The Conference Board reports today that the Composite Index of Leading Economic Indicators increased 0.2% in October, following a 0.4% increase in September and a 0.3% decrease in August.

Says Ken Goldstein, Labor Economist at The Conference Board: "In sum, the impact of a slower housing market on consumers and slower profit growth on business isn’t completely offset by lower gas prices and a rising stock market. This suggests that the economy is unlikely either to reheat or to get significantly cooler. Instead, the kind of slow growth now being experienced could continue right through the winter and into the spring."

The Conference Board reports that the Coincident Index, a major barometer of current economic activity, increased 0.1% in October, following a 0.2% increase in September and August. The lagging index increased 0.2% in October and September, following no change in August.

The Conference Board® U.S. Business Cycle Indicators(SM)

U.S. Leading Economic Indicators and Related Composite Indexes for October 2006

The Conference Board announced today that the U.S. leading index increased 0.2 percent, the coincident index increased 0.1 percent and the lagging index increased 0.2 percent in October.

  • The leading index increased again in October, and there was an upward revision to September’s small increase.

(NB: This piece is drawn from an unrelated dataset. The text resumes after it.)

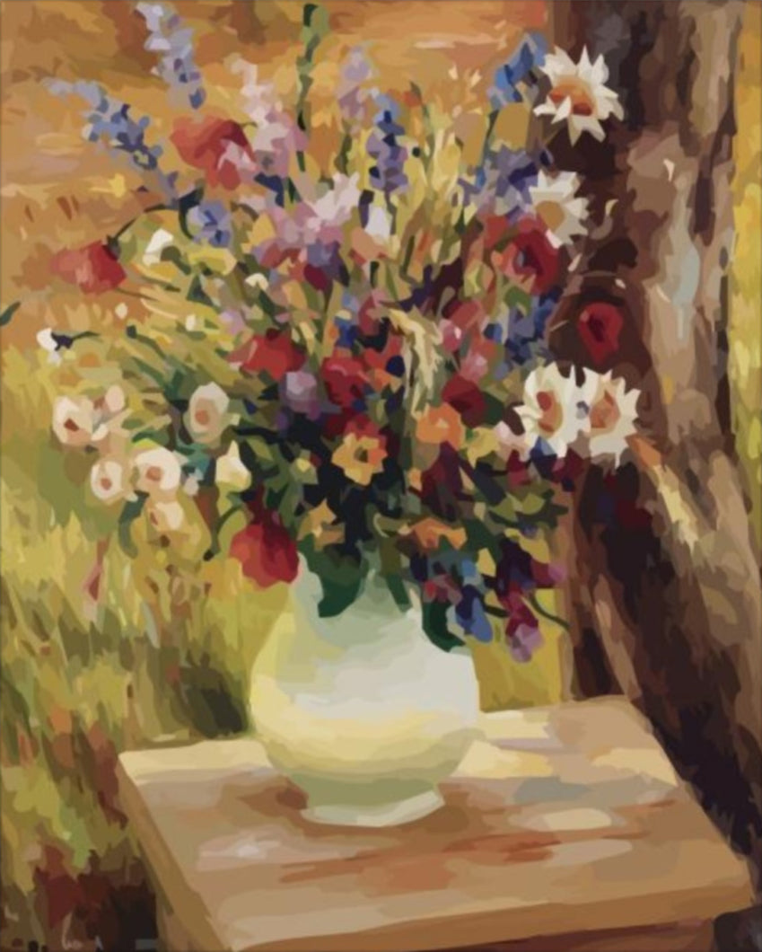 A festmény középpontjában egy szemet gyönyörködtető, virágokkal teli vázát találunk, amely különböző színű és formájú virágok özönével van tele. A háttér lágy, meleg színekben játszik, ami tökéletesen kiemeli a virágok élénkségét. A vázában látható kék, piros, sárga és fehér virágok egyedi elegyet alkotnak, amely szinte életre kelti a festményt.

From April to October, the leading index fell by 0.2 percent (a -0.4 percent annual rate). Housing permits continued to make the largest negative contribution to the leading index in this period, followed by vendor performance, offsetting large positive contributions from real money supply (M2) and consumer expectations. Strengths and weaknesses have been roughly balanced among the leading indicators in recent months.